The legacy of The Daily Worker includes the treasured “Woody Sez” columns penned by Woody Guthrie and the sports reportage of the legendary Lester Rodney who did more to integrate professional sports than any of the self-congratulatory sports moguls celebrated by the media. The labor reporting was always unabashedly partisan and grounded in rank and file activism. On the cultural front, the paper’s writers often offered a contrarian view, welcome in times of conformity and timidity in the mainstream. Similarly, international reporting provided a refreshing departure from the big media’s subservient spin on the official US government line.
From the nineteen thirties, The Daily Worker and its off-spring were the public face of labor radicalism and socialist advocacy. Through the twists and turns of the US political landscape, the paper remained a place to find ideas that would be expressed no where else. Writers – from Theodore Dreiser to Herbert Aptheker – used the pages of the paper to express views denied in the capitalist media. For most of this period, the CP press was the leading “alternative” mouthpiece for socialism.

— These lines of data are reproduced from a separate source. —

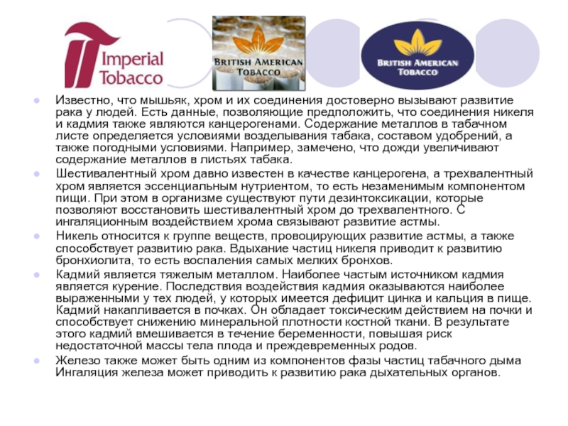 у людей. Есть данные, позволяющие предположить, что соединения никеля и кадмия также являются канцерогенами. Содержание металлов в табачном листе определяется условиями возделывания табака, составом удобрений, а также погодными условиями. Например, замечено, что дожди увеличивают содержание металлов в листьях табака.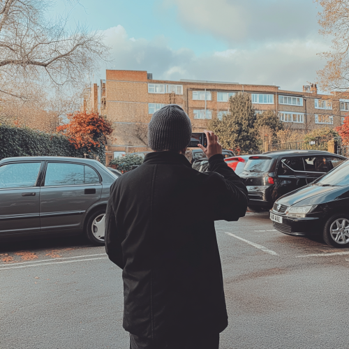 Amateur photo of the back of a man standing in front of a car in a parking lot in London, and taking a photo of the reg plate, back view of the man, natural light, amateur picture posted on Instagram Stories, taken with iphone 10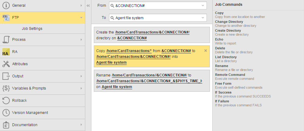 An FTP Agent Job named JOBS.FTPAGENT.GET_CARD_TRANSACTIONS_SELECT_REMOTE_HOST is shown below. The variable &CONNECTION# is entered as the From host. This means that when the Job is executed, the value for the From host will be determined by the value of the &CONNECTION# variable.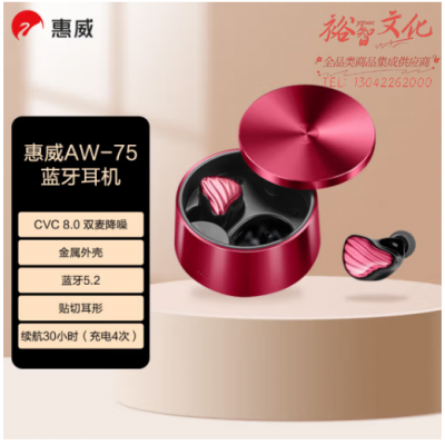 惠威(HiVi)AW-75 无线蓝牙耳机 真无线HiFi耳机 蓝牙5.2长续航支持通话降噪 茜红 SKU:yzwhyp109118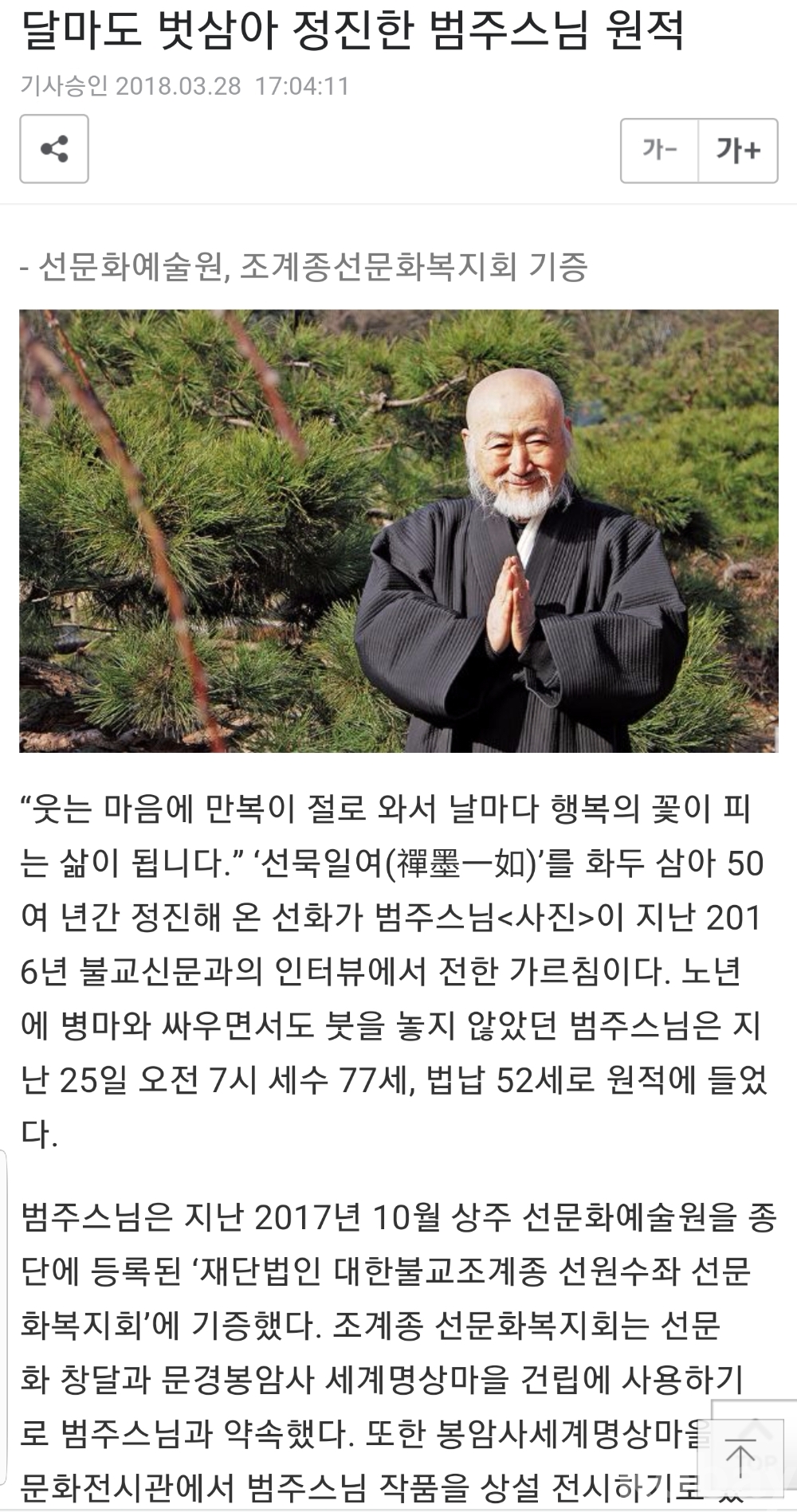 * 범주(1943-2018/ 홍익대미대졸<1966년>, 부산 APEC세계정상 영부인초청 달마 퍼포먼스<범어사,2006년>, 선문화예술원장)

Through most of its life, Party leaders understood that the paper played a larger role than determined by paid subscriptions or financial health. It was conceived as an organizational instrument - a spark for activism – to be distributed at mill gates, shop floors, picket lines and mass meetings. Even during its hey-day in the thirties and forties, the Party paper exerted an influence far beyond its mail circulation. Stalwarts like the incomparable Jim Dolson delivered the paper through neighborhoods for decades, serving as a passionate missionary for the Party’s ideas.
In recent years, The People’s Weekly World has sadly followed a script issued by the Party’s leadership towards accommodation with both the Democratic Party leadership and the top rungs of the AFL-CIO hierarchy. For the most part, Marxist and class conscious commentary have given way to shallow, liberal writing and an obstinate, rigid defense of the most timid oppositional forces. More and more, one reads reprints from the liberal press in place of serious, challenging Marxist analysis. Stubbornly, the Party’s top leadership refuses to connect the decline of the paper’s following to the sapping of its traditional militancy.
I am told that the Party leadership has assured the members that the print edition will be replaced by a glitzy, state-of-the-art website that will be more in tune with twenty-first century fashion. But will it reach the millions of unemployed, the striking workers, the massed protesters? Will it demonstrate the passionate commitment of dedicated revolutionaries to the cause of those forgotten by the Democratic Party and left out of decisions taken by the far-removed leadership of organized labor? Will the internet or twitter speak to them or for them? Will it build a cadre of activists interacting with, conversing with, and leading working people?
What was once a powerful tool of agitation and education will become a small, soft-spoken voice in the vast universe of the internet. Where activists brought the Party’s views to the masses through distribution of the print addition, a Google search may now bring those views to the attention of the curious surfer wondering if the Communist Party is still around.
One can only hope that Party members will bring the leaders to their senses.